Classical role allocation

Classically, developers have their local machines and work with them. There, every required software is installed. Ideally, there is a ticket system or a task management and a code management (repository), so that all developers, project managers and the customer are on the same level. The administrators of the company have set up the server(s) and install the software that is currently in use. All servers may receive updates at regular intervals.
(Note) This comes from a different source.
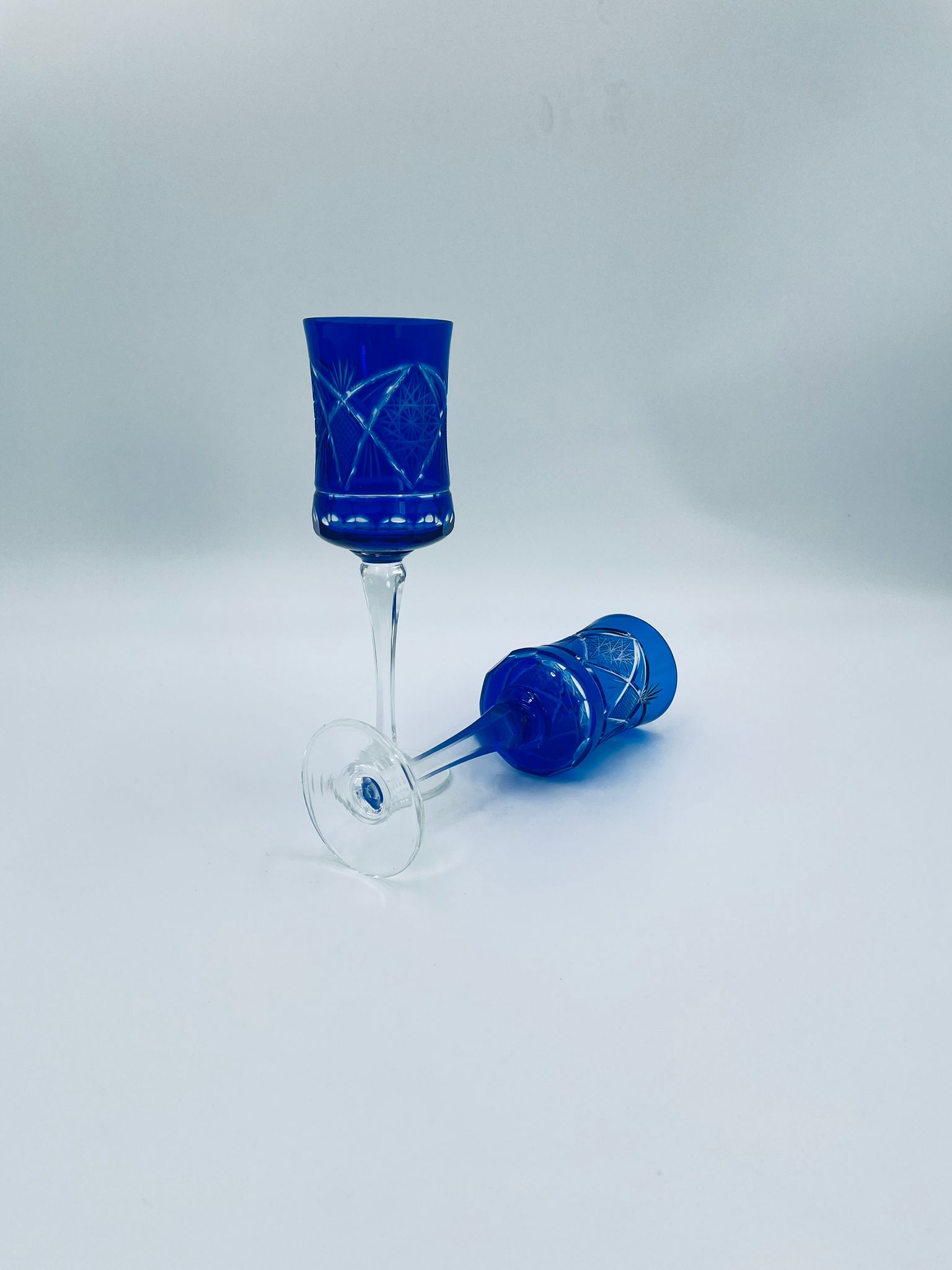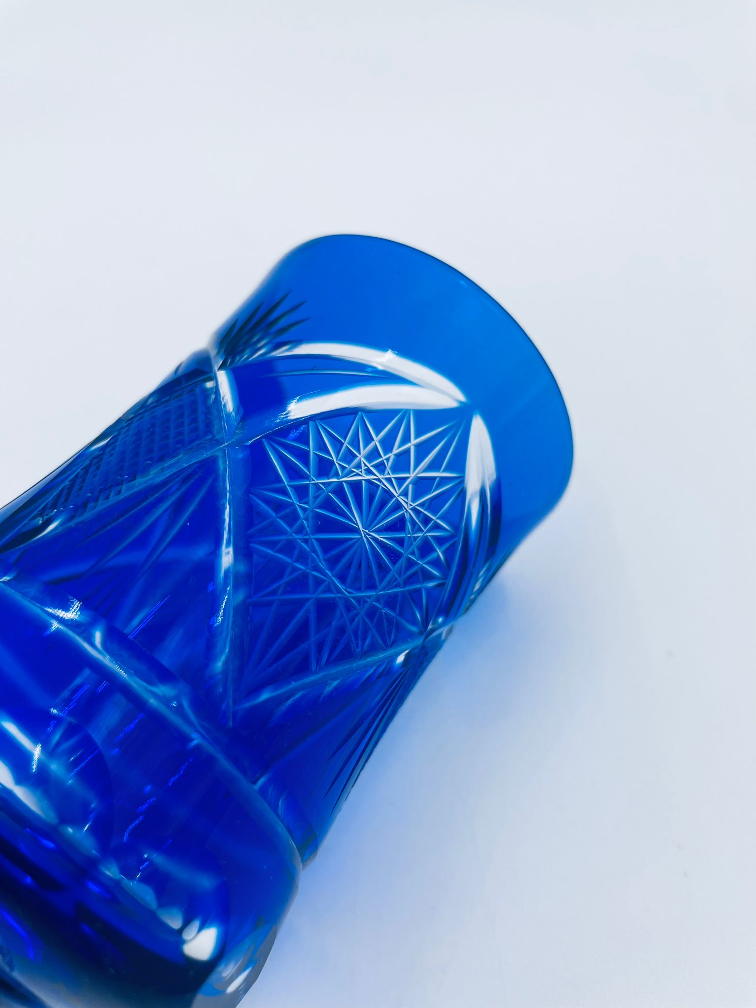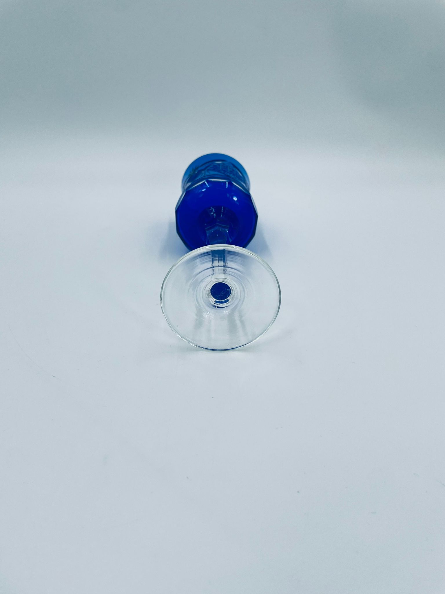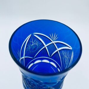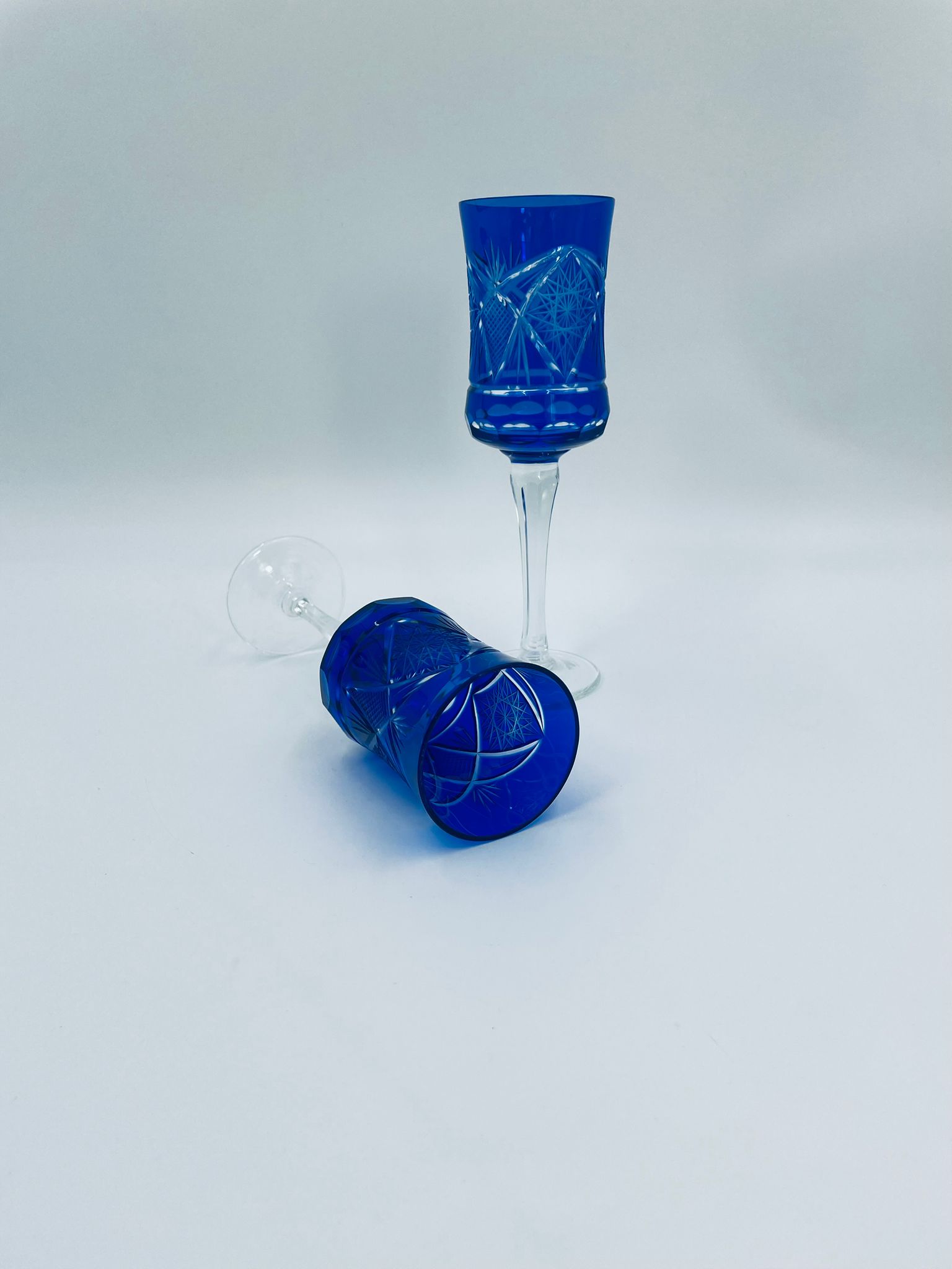 Kieliszek do szampana typu Römer, wykonany z wysokiej jakości szkła kryształowego, ołowiowego, dwuwarstwowego. Kieliszek w kolorze kobaltowego błękitu z techniką cut-to-Clear, ozdobiony bogatym, geometrycznym szlifem, posiada dugą, fasetowana nóżkę oraz stabilną postawę.

Either the developers send their codes to the admins or the admins have set the developers a (S)FTP access, so that the developers can upload their changes. Ideally, there are also several servers, at least one for live operation, and a test server for the QA and/or the customer. The servers are not dynamically virtualized, so they always stay in the state they are in. However, this does not exclude virtualization, for example, to avoid that different customers get in each other’s way.

Classic Development Cycle

Developers develop own code on a different system than runs in the end. It is particularly dangerous if other software or software versions are used. For example, PHP web application could be developed on a Windows machine on the XAMPP stack, but the live system runs on a Linux and uses Nginx with another database. Especially with scripting languages ​​that do not throw errors at compilation time and behave differently under different configurations that can lead to massive problems. With software updates, the behavior of code changes is difficult to comprehend. Change requests of the software (eg libraries) are to be reported to the admin, then each server is updated individually. Of course, tests are important

DevOps idea : Alternative role allocation

The advantages of various supporting systems are used. Obligatory are a ticket system/task management as well as a code administration. Administrators and developers work with the customer to plan the infrastructure and servers that administrators set up and maintain. The developers work on local machines that are as close to the live systems as possible. If necessary, the developer’s computer can run on the same operating system as the servers or even within a virtual machine that works with the same software. Although this does not completely avoid the incidental problem with the different environments, it does minimize it.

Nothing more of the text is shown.